Trophy Kids is a fascinating, compelling exposé of the extreme lengths parents will go when they truly believe their kids have what it takes to be not just a good athlete, but an extraordinary one. One father quit his job to focus on his son's basketball career and admits that he's spent the equivalent of "two Lamborghinis" on the boy's personal training and elite teams. The former college ballplayer forces his freshman son to practice plays and study videos of upcoming opposing teams after regular football practice. The divorced dad also berates his kid and calls him a "mama's boy" and a "woman" because he was primarily raised by his mother.

More than just a documentary, Trophy Kids is a cautionary tale about how not to parent. With the possible exception of the religious mother who believes her twins are destined by God to be tennis champions, the parents are all abusive toward coaches, referees, and in some ways even their own children. The father of the junior golf champion (who calls her a "little bitch" behind her back when she swings poorly at a tournament) tells another parent that he wishes it were like the 1970s, when parents could push kids as far as they wanted. In an age when stories routinely circulate about parents being barred from games (it happens in the documentary, too) and bullying coaches, Trophy Kids is a reminder to keep calm and remember that no matter how intense your child feels about a sport, it's still a game.

 

Talk to your kids about ...

  • Families can talk about the popularity of sports documentaries. Do you need to know anything about (or even like to play) football, basketball, tennis, or golf to enjoy Trophy Kids? Why or why not?
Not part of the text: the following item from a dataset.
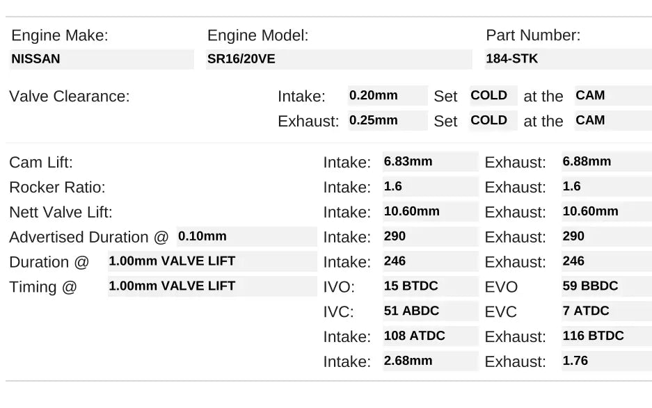 184-STK | SR16VE / SR20VE Turbo

  • What did you think about the relationship between the parents and their kids? Which parent-child dynamic seemed the healthiest? Which seemed the most in need of help? Do you think anyone featured in the film could change -- or would want to?

  • Which behavior in the movie would you consider bullying? Is the impact of bullying different when it's done by an adult rather than a kid's peer(s)?

  • One parent says the key is to have a kid "buy into" a parent's "dream"; is that the way sports involvement should be decided? What are the odds of kids succeeding in professional sports? Should that be the end goal, or is having fun more important?